С обрубка капала чёрная кровь…
— Ты ничего не можешь изменить! — разобрала Оксана…
…Она очнулась от холода, по пояс в воде. В панике захлопала ладонями по вялым, потерявшим упругость, бортам. Берег нависал над головой чёрными кронами деревьев. Небо очистилось, лунный свет лёг на воду дорожкой зеленоватого серебра и упирался в спущенный борт, зацепившейся-таки за что-то острое в воде. Кия тайком, по-воровски выгребла из лодки то немногое, что Степан посчитал нужным дать Оксане с собой. Вёсла уныло обвисли в уключинах. Она перевалилась через борт и ударилась коленями о близкое дно. Оскальзываясь на илистых камнях, торопливо выбралась на берег. В тряпичных туфлях чавкало. Вода текла с одежды ручьями. Телефоны, не подавали признаков жизни.
Оксана тяжело опустилась на колени, глядя в чёрную воду. В боку кто-то ковырялся раскалёнными пальцами. Повязка сползла. Крупная дрожь сотрясала окоченевшее тело. Она никогда отсюда не выберется. Станет деталью пейзажа. Неряшливым мазком на холсте. Артефактом, вроде глиняного черепка с глазурью на каменной россыпи, отшлифованной растаявшим ледником. Она умрёт здесь… Безликом месте, похожем на десятки других по обоим берегам равнодушной речки: узкий галечный берег; плотная стена леса; заросли тальника, спускающиеся к самой воде. На физических картах такие места закрашивают однотонной до оскомины зелёной краской. Извивы речной линии неотличимы друг от друга. Просторное кладбище, размером с парочку Франций…
Вопль ужаса — близкий и тонкий, как вязальная спица, — проткнул Оксану насквозь. Она съежилась в комок, но грохот первого же выстрела сшиб её лицом вперёд, на камни. Сергачёв! Он вернулся! Он нашёл её, чтобы убить…

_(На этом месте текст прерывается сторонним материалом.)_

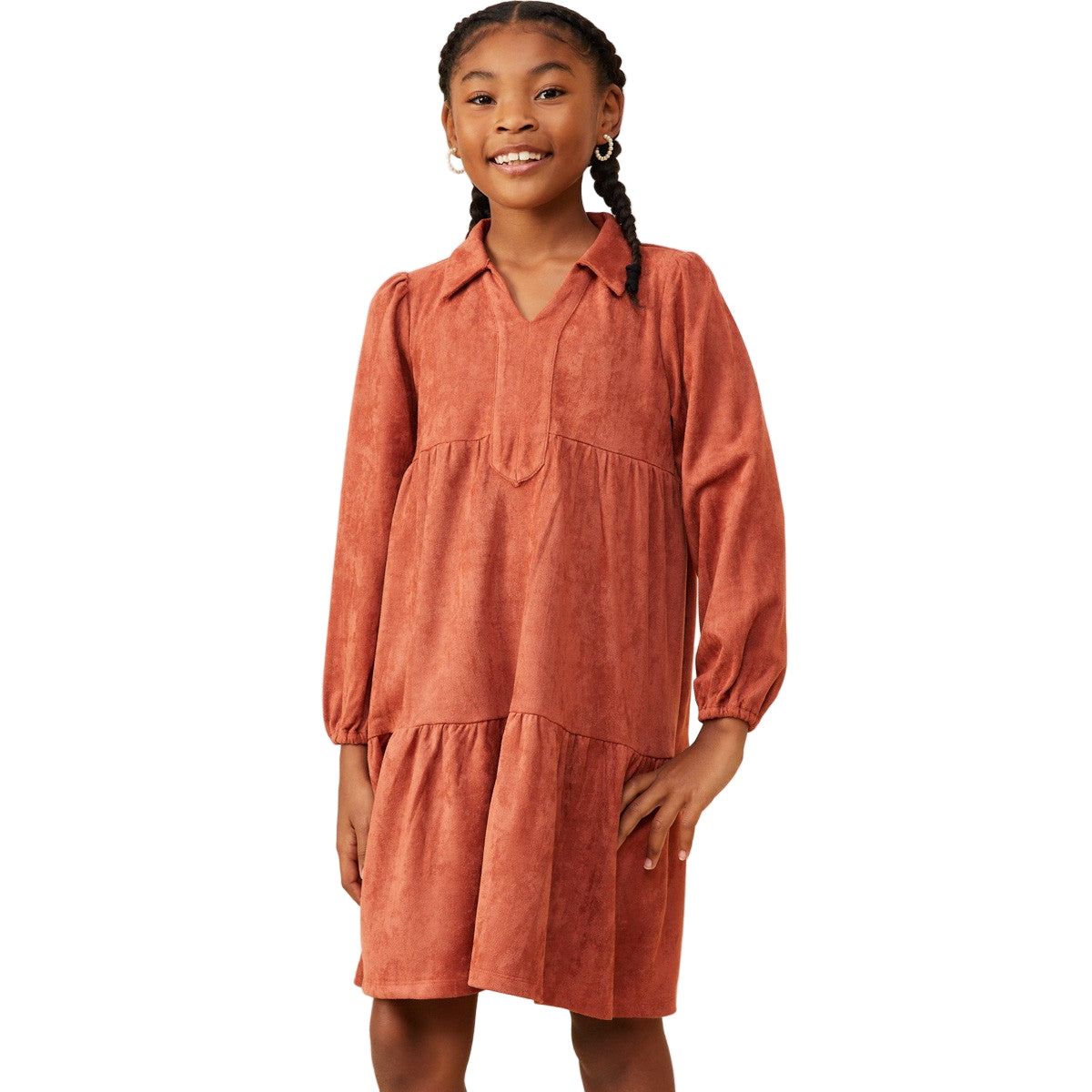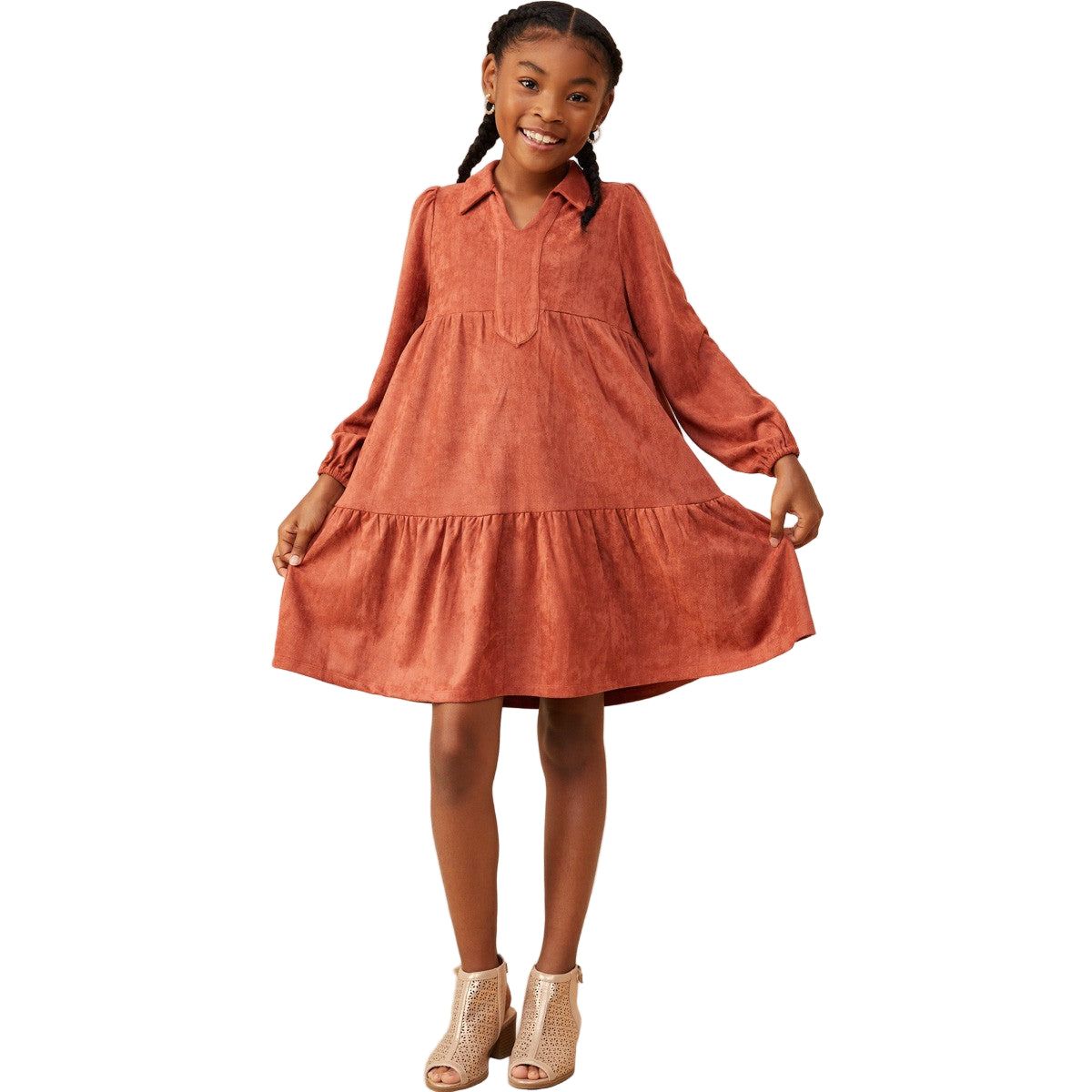 Girls Collar Suede Swing Dress GY8893

Пальцы в ране сжались в кулак. Выстрелы раздавались один за одним. Голову рвало от грохота. Мама! Мамочка!..
Оксана вскочила на ноги и тяжело побежала по берегу. Стрельба прекратилась, но крики — сначала резкие, громкие, потом сдавленные, — толкали в спину. Тянулись за ней шлейфом, сковывали движения, как в кошмарном сне. Она не разбирала дороги. Слёзы залили лицо. В груди жгло огнём. Ноги подгибались. Деревья на берегу скрипели и раскачивались. Вода в реке волновалась, и серебряные блики скатывались с гребней, выползая на берег и застывая серыми мёртвыми голышами. Дыхание сбилось. Воздух с хныканьем рвался сквозь стиснутые зубы, застревал в пересохшем горле короткими всхлипами…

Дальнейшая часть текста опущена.